A datastore is intended to capture attributes of a particular datastore technology instance (e.g. a Redshift cluster, an EMR cluster, etc.) including its host, port, connection url, etc. Engine's can describe input options for their datastore types via JSON schema.
An action entity is an instance of an action type specified by an engine. These contain user supplied arguments that adhere to the engine's JSON schema for that action type. In addition, the action contains state information, timing information, and optional alert email addresses.
A workflow is a collection of actions in the TEMPLATE state to be run on the specified datastore. When a workflow runs, its template actions are copied to a workflow instance and run. If the specified datastore for the workflow is in the TEMPLATE state, then a new datastore will be created based on it for the workflow instance.
An instance of a running workflow with state and timing information.
A subscription is a stateful listing of dataset files on S3. Unprocessed subscription elements are considered "unconsumed". When an engine provides an action with an action type name of "consume_subscription", dart will assign unconsumed subscription elements to that action at run time.
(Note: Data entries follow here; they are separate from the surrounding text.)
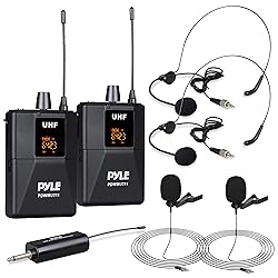 Sistema de micrófono Pyle Dual UHF, juego de micrófonos inalámbricos profesionales portátiles, kit de micrófono inalámbrico con auriculares/micrófono Lavalier, transmisor de correa, receptor, karaoke y conferencia, Pyle PDWMU211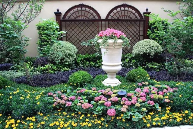 在植物景观配置中,对称与平衡原则是景观创作的精华。能带来整体稳定感,并确定景观脉络的秩序性,从整体上界定作品的结构要求。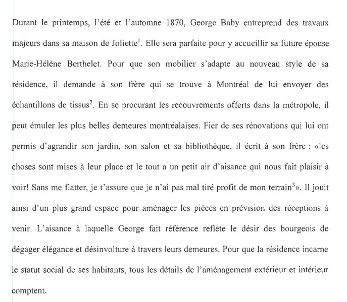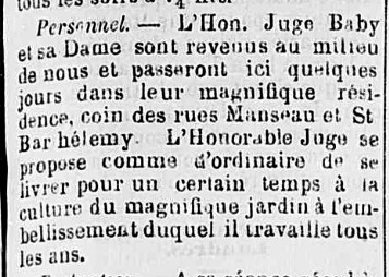 Vers cette date G. Baby et son épouse ont quitté Joliette pour n’y venir que pendant l’été dans leur résidence du boulevard Manseau. Il avait été nommé juge. L’Hon. M. Baby a loué une résidence à Ottawa, où sa famille se rendra vers le mois d’octobre. (La Gazette de Joliette, 5 septembre 1879)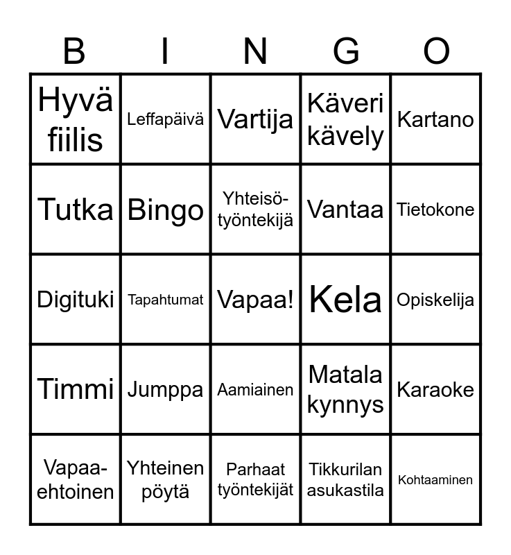 This bingo card has a free space and 29 words: Vapaa- ehtoinen, Ohjaaja, Tapahtumat, Kahvi, Hyvä fiilis, Vartija, Bingo, Jumppa, Kela, Yhteinen pöytä, Opiskelija, Kohtaaminen, Parhaat työntekijät, Tikkurilan asukastila, Tietokone, Korson asukastila, Aamiainen, Timmi, Kartano, Digituki, Matala kynnys, Myyrmäen asukastila, Vantaa, Tutka, Käveri kävely, Leffapäivä, Karaoke, Yhteisö- työntekijä and Hakunilan asukastila.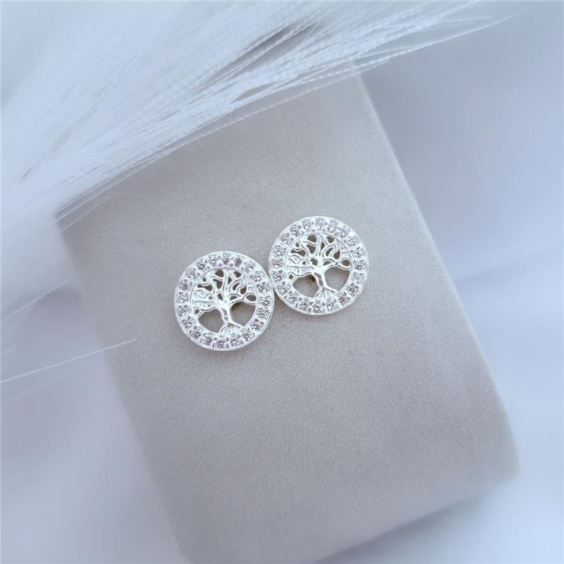 Brinco Prata 925. Circulo cravejado com zirconias em volta e arvore da vida dentro. Brinco com tarrachas.Medidas:

Engines can request these subscription elements through a REST api call.
A trigger initiates a workflow. There are several types of triggers available:
- scheduled - triggers a workflow based on a CRON schedule
- workflow_completion - triggering upon successful workflow completion
- subscription_batch - creates subscription element batches based on a file size threshold, and triggers workflows as they are ready
- super - takes other triggers as inputs and fires when ALL have fired or ANY have fired
- event - triggers a workflow based on an "event" entity (essentially an SQS message sent from a source outside of dart)
Additionally, workflows can be triggered manually via the REST api or the UI.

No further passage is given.